Directions for this task: From the records that follow, return exactly the lines beginning at the one that contains "Hermès(爱马仕)Mini Kelly 迷你凯莉" and ending at the one that contains "天启世纪泳帽女防水不勒头舒适", pictures left out.

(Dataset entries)
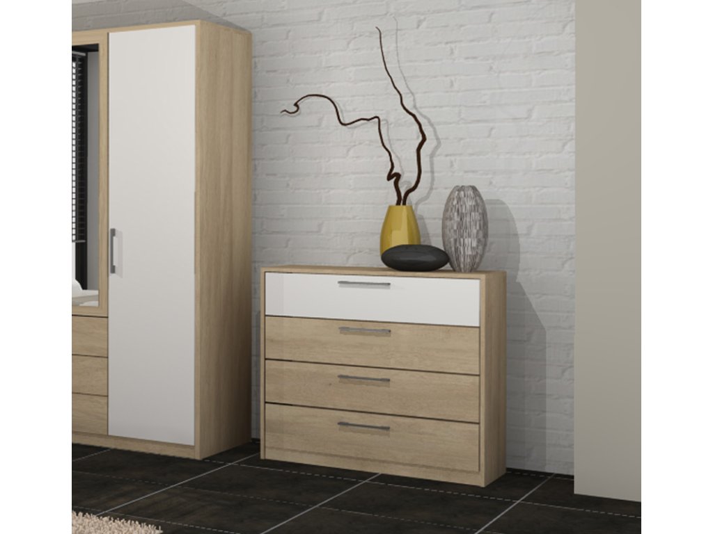 Malá komoda 4S zo spálňového sektoru EMILY. Komoda má 4 zásuvky. Je vyrobená z LTD materiálu, ktoré sa ľahko udržiava. Rozmer komody (v/š/h) 90 x 98 x 38 cm. Zaujímavé farebné prevedenie dub sonoma v kombinácii s bielou farbou. Spálňovom sektore EMILY si môžete vybrať manželskú posteľ s nočnými stolíkmi, komody či šatníkovú skriňu.
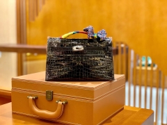 Hermès(爱马仕)Mini Kelly 迷你凯莉 经典黑 一级尼罗鳄鱼皮 全手工缝制 银扣 22cm
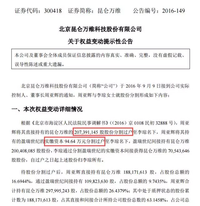 据昆仑万维公告,公司于9月9日接到公司实际控制人、董事长周亚辉的通知,周亚辉与妻子李琼女士就股份分割达成了相关内容。据《北京市海淀区人民法院民事调解书》显示,周亚辉将其直接持有昆仑万维的2.07亿股分割过户至李琼名下,周亚辉将其持有的盈瑞世纪的实缴资本94.64万元分割过户至李琼名下。
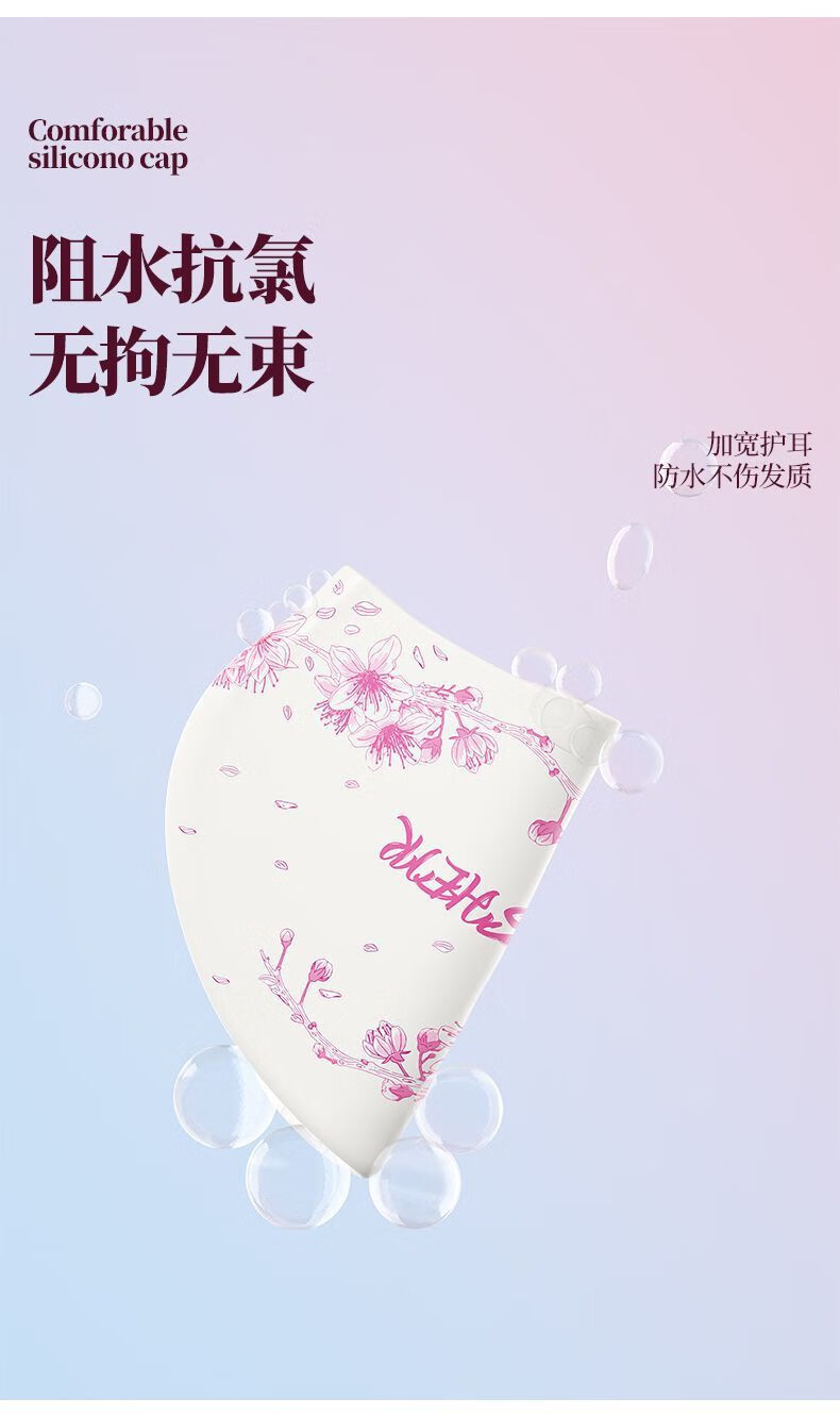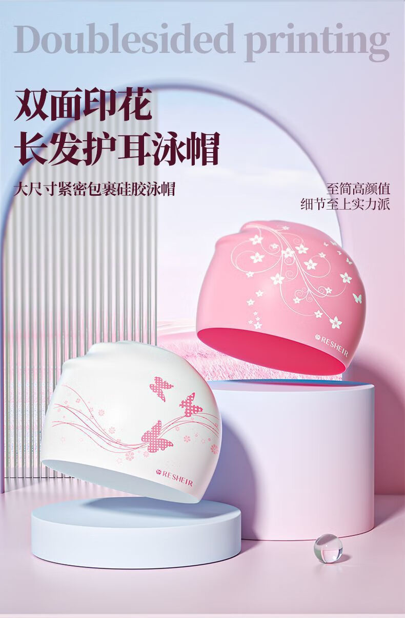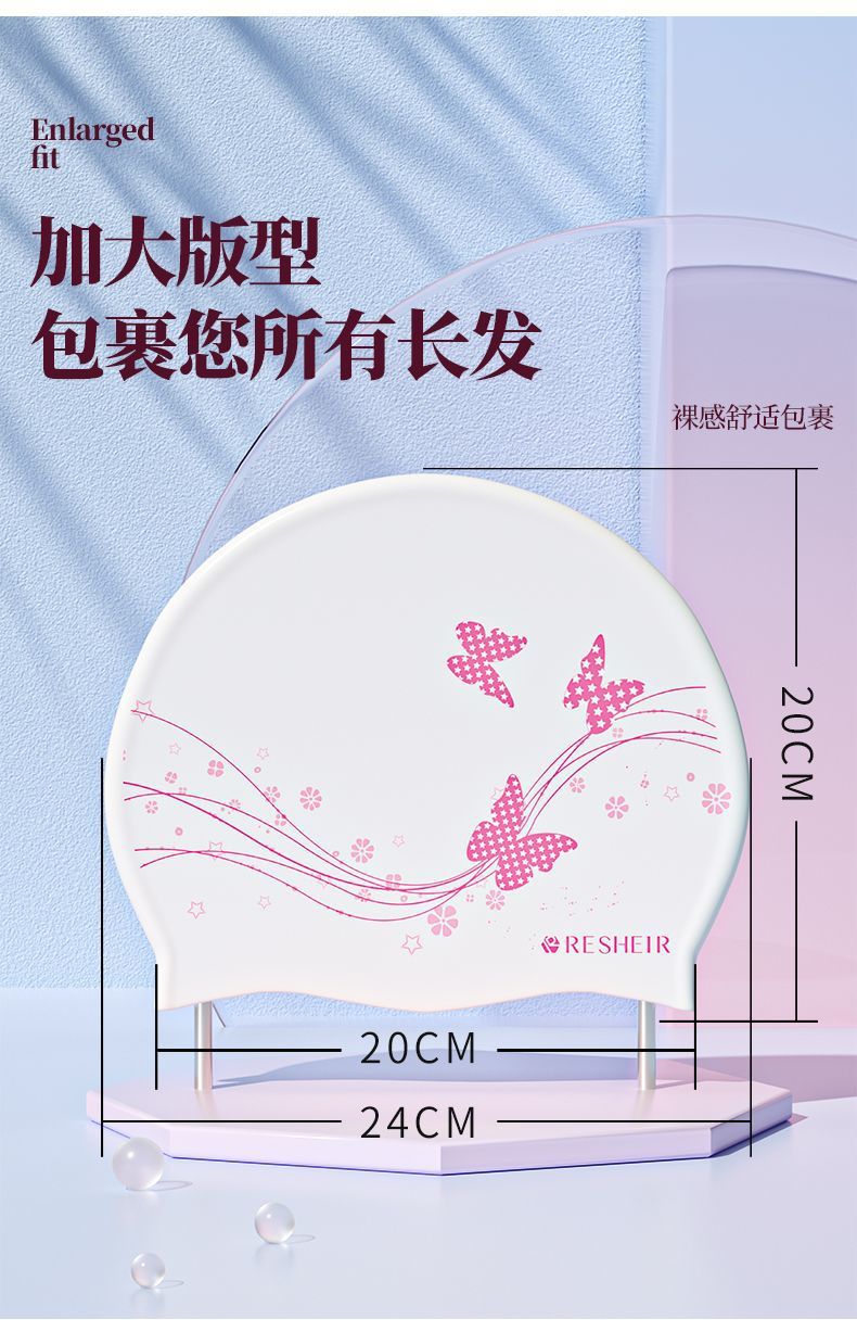 天启世纪泳帽女防水不勒头舒适长发护耳加大时尚新款印花游泳泳镜套装 白粉-蝴蝶飞-长发专用-泳帽+黑透
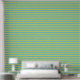 Symmetrical grid of crumpled paper textures in alternating greenish-yellow and light blue, creating a vibrant, tactile striped pattern with depth and visual rhythm
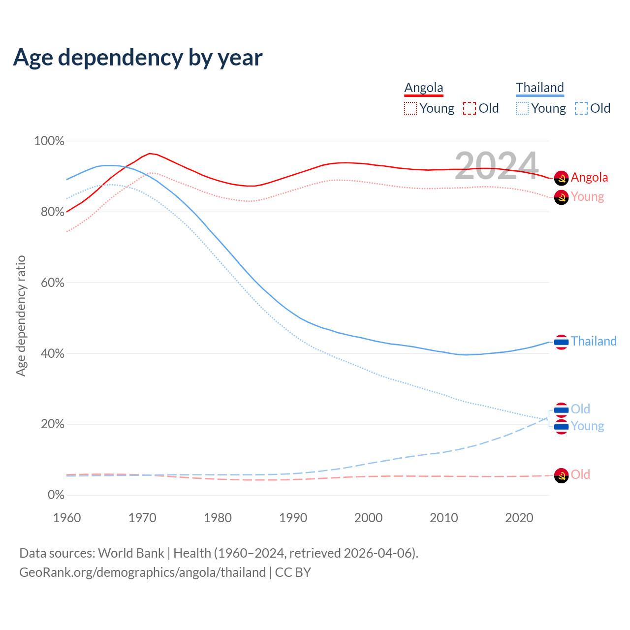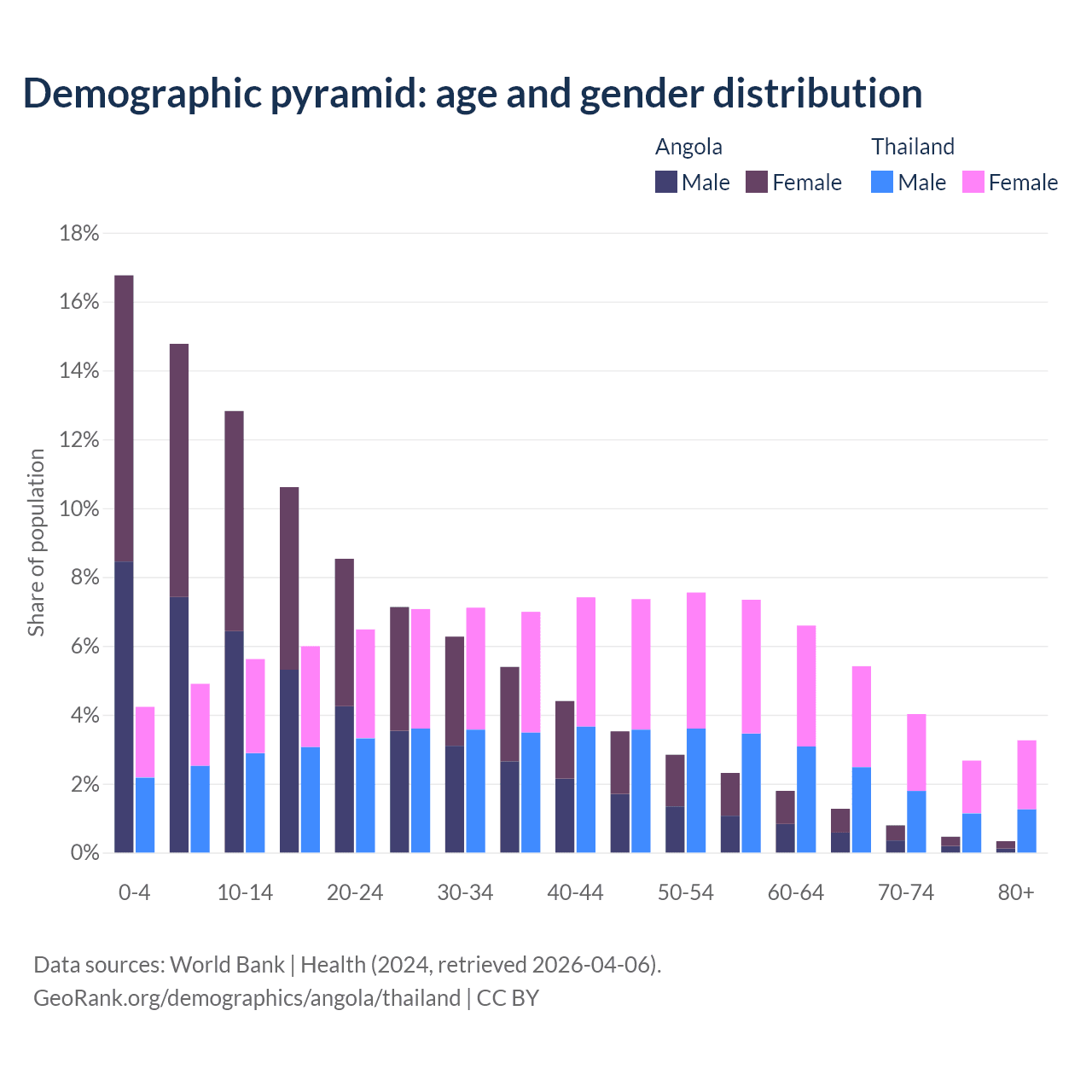 - Angola is ranked 188/196 by median age (oldest to youngest) vs 40/196 for Thailand.
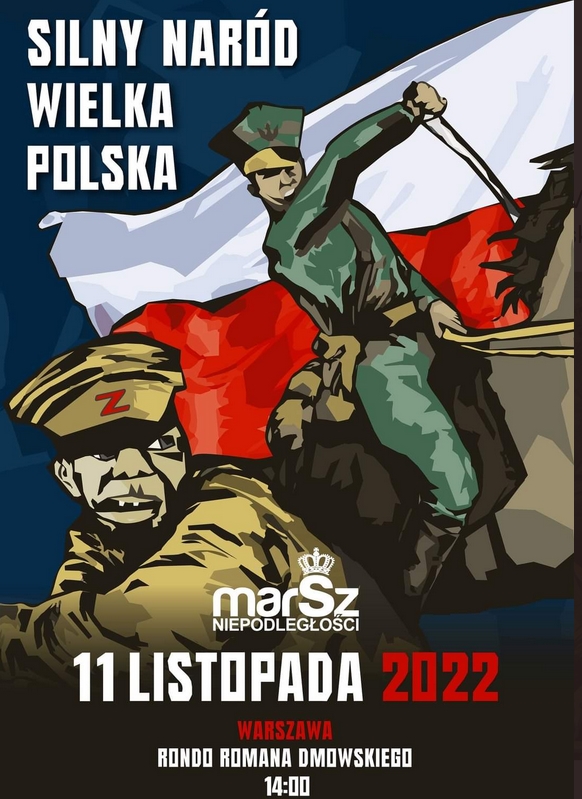 posługując się fałszerstwem plakatu z 1920 roku, który do wojny w Rosją nie wzywa, ale do wojny z żydo-bolszewią którą mamy po dziś dzień i to raczej w wydaniu amerykańskim w rodzaju pani Nuland czy gubernatorów miast ukraińskich usadowionych tam przez Usrael, niż w wydaniu Putina. Ale tego przekazu Robert Bąkiewicz nie ośmielił się zamieścić, zapewne z obawy przed mainstreamem. Wolał sfałszować historię. Nie przynosi mu to chwały.
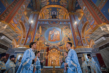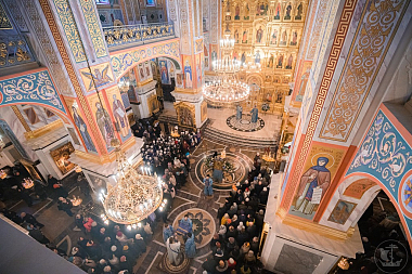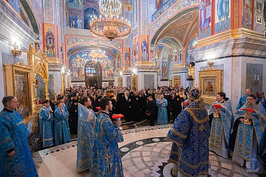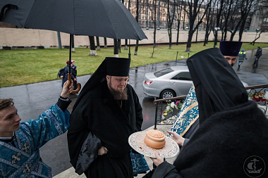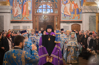Его Преосвященству сослужили: первый проректор заслуженный профессор СПбДАиС протоиерей Василий Стойков, настоятель Князь-Владимирского собора протоиерей Владимир Сорокин, настоятель храма Благовещения Пресвятой Богородицы на Васильевском острове протоиерей Андрей Дьяконов, старший священник Новодевичьего монастыря иерей Дионисий Харин и духовенство обители.
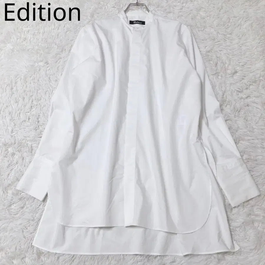 에디션 긴팔 셔츠 화이트 면 혼방 일본제 사이드 슬릿 길어진 기장 출퇴근
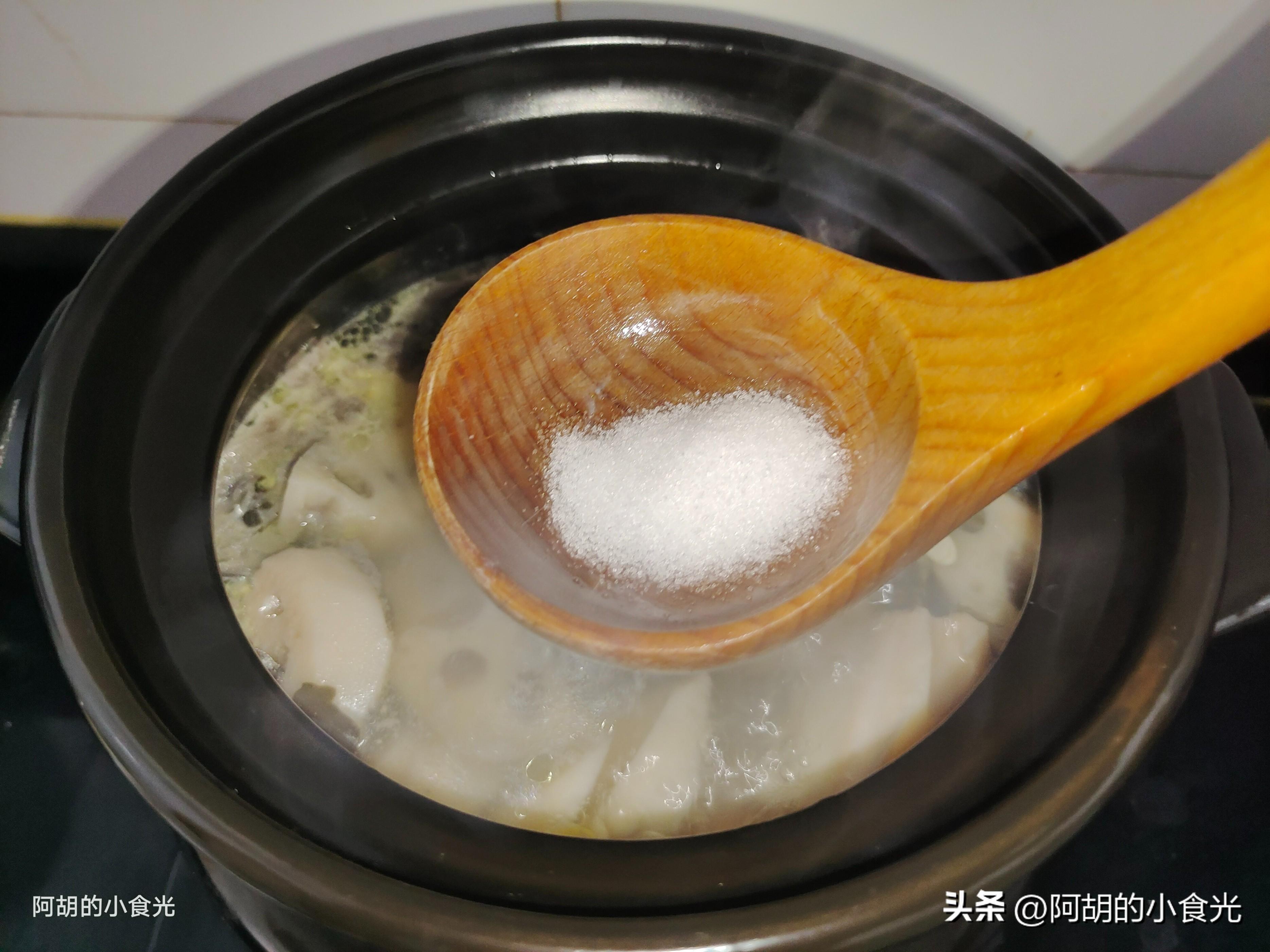 第四步:用最大火將其快速煮開,而後轉爲最小火加蓋慢慢煲一煲,時間差不多爲三十分鐘,開蓋後再加入一些食鹽來調味,加蓋後繼續煲煮十分鐘左右。
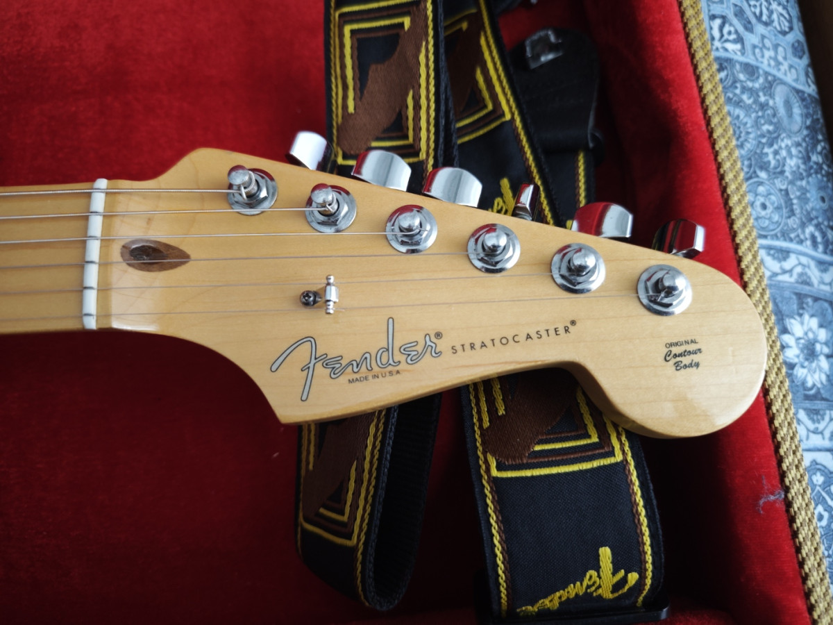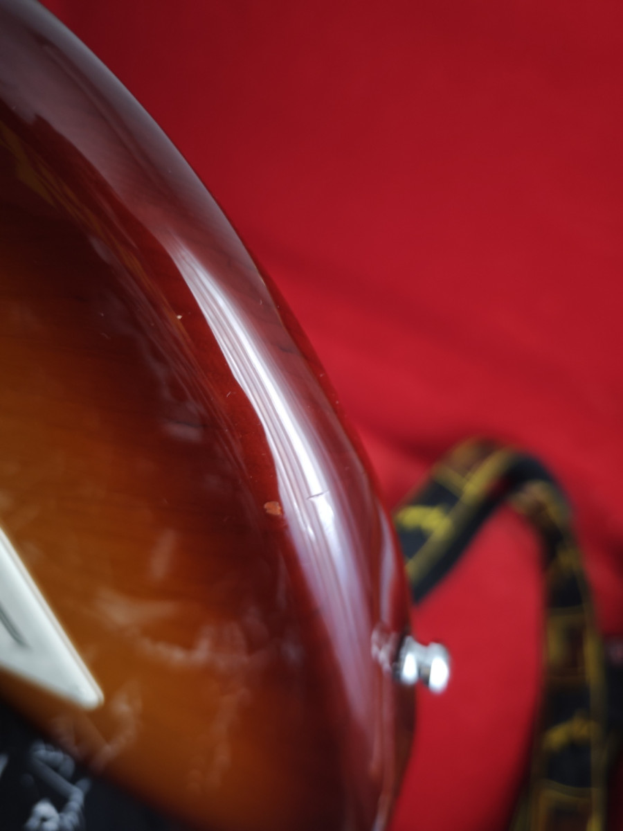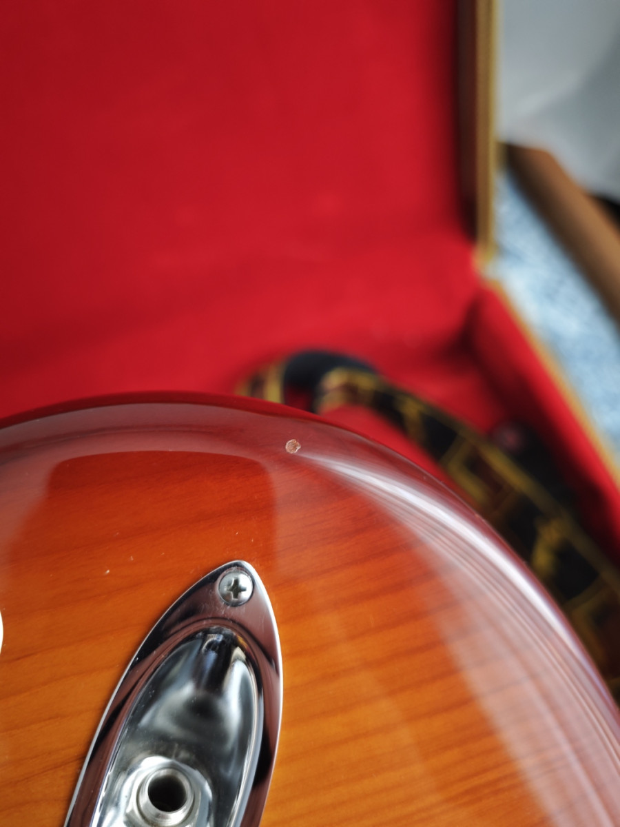 Tiene unos pequeños toques (dings) en el acabado, y los trastes tienen uso pero aun tienen recorrido, lo he documentado en las fotos. Es una gran guitarra y ya no hay muchas en fresno (ash). Incorpora "chuces" que se ven en la foto mas correa Fender (original) con straplocks de Schaller.

Result of the task:
 Hermès(爱马仕)Mini Kelly 迷你凯莉 经典黑 一级尼罗鳄鱼皮 全手工缝制 银扣 22cm
 据昆仑万维公告,公司于9月9日接到公司实际控制人、董事长周亚辉的通知,周亚辉与妻子李琼女士就股份分割达成了相关内容。据《北京市海淀区人民法院民事调解书》显示,周亚辉将其直接持有昆仑万维的2.07亿股分割过户至李琼名下,周亚辉将其持有的盈瑞世纪的实缴资本94.64万元分割过户至李琼名下。
 天启世纪泳帽女防水不勒头舒适长发护耳加大时尚新款印花游泳泳镜套装 白粉-蝴蝶飞-长发专用-泳帽+黑透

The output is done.